教育的(仮)結婚~残念御曹司(?)のスパダリ育成プロジェクト~
「亜美、聞いてくれ」

 俺はベッドに腰かけ、亜美の髪を撫でた。

「何?」
「俺は今日、スイスに戻る。あっちでいろいろやらないといけないことができたんだ」

 亜美が驚いたように目を見開く。その瞳が不安そうに揺れた気がして、俺は急いで言い足した。

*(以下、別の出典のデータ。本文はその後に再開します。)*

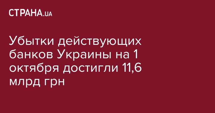 Убытки действующих банков Украины на 1 октября достигли 11,6 млрд грн
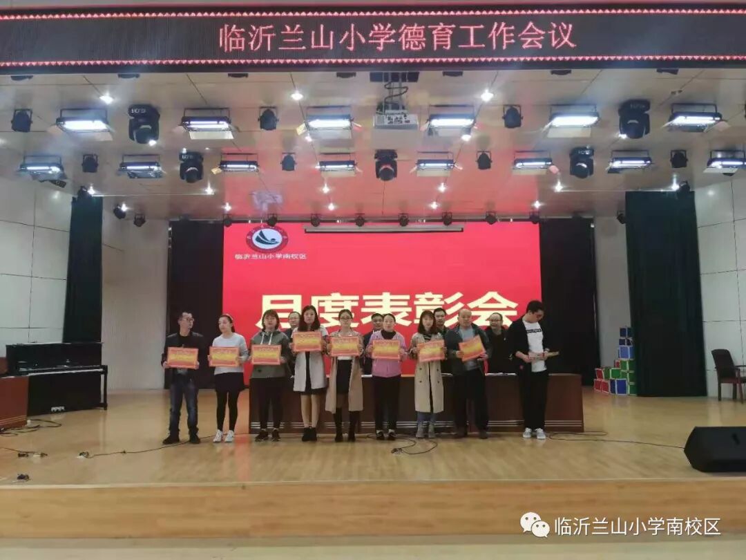 本次活动由葛祥超副校长主持。刘夫涛主任宣读了表彰决定。被表彰的老师各个激动不已,更加信心满怀迎接新的挑战。刘永田主任代表校委会,向老师们提出期望,希望他们继续努力进取、踏实前行,带动整个学校不断奋进。同时就学校的教学、政教、安全等方面向老师们提出了具体要求。最后,孙树祥校长作了重要讲话,他分析了兰山区抽测的成绩,我校在全区的名次十分靠前;回顾了开学以来学校各个方面取得成绩和进步,他还就学校前景给老师们进行指引,为大家带来了鼓励,孙校长同时要求大家不忘初心,教书育人。孙树祥校长的讲话获得了老师们热烈的掌声。
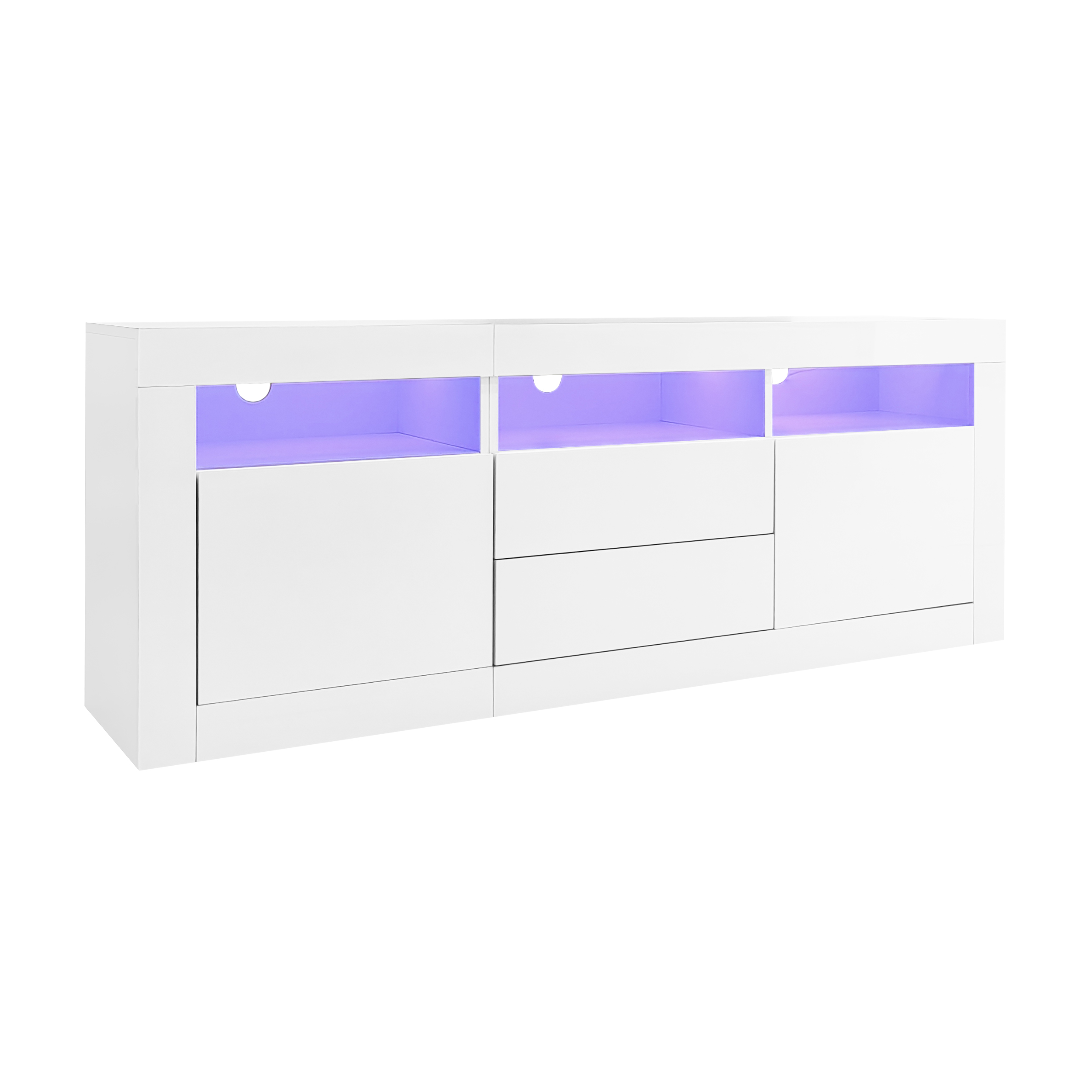| Libellé | Meuble TV blanc laqué 160x35x60 cm buffet avec 3 niches ouvertes, 2 portes et 2 tiroirs |

「心配しなくていい。今後の予定が少し変わりそうだから、ちゃんと調整してくる」
「……そうなの?」

 亜美がブランケットで胸元を隠しながら、ゆっくり身を起こした。俺の言い方が中途半端だったせいで、かえって心配になったらしい。

「大丈夫だ、亜美」

 俺は華奢な両肩を抱いて、頷いてみせた。

 そろそろ事実を伝えるべきだろう。
 別に隠していたわけではないが、亜実は俺のバックグラウンドをほとんど知らないのだから。

「俺の家の話、君にはまだしていなかったな」
「高砂先輩は薬屋さんだって……おっしゃっていましたけど」
「薬屋か。なるほど。確かに薬を作っているからな」

 俺は軽く息を吸った。

 東林製薬株式会社は日本のトップ企業のひとつだ。
 俺がその跡継ぎだと知ると、周囲の反応はそれまでとは微妙に変わる。

 ローマで働く亜美にとって、本来なら俺は客のひとりに過ぎないはずだった。だから敬ちゃんもはっきりとは伝えなかったのだろう。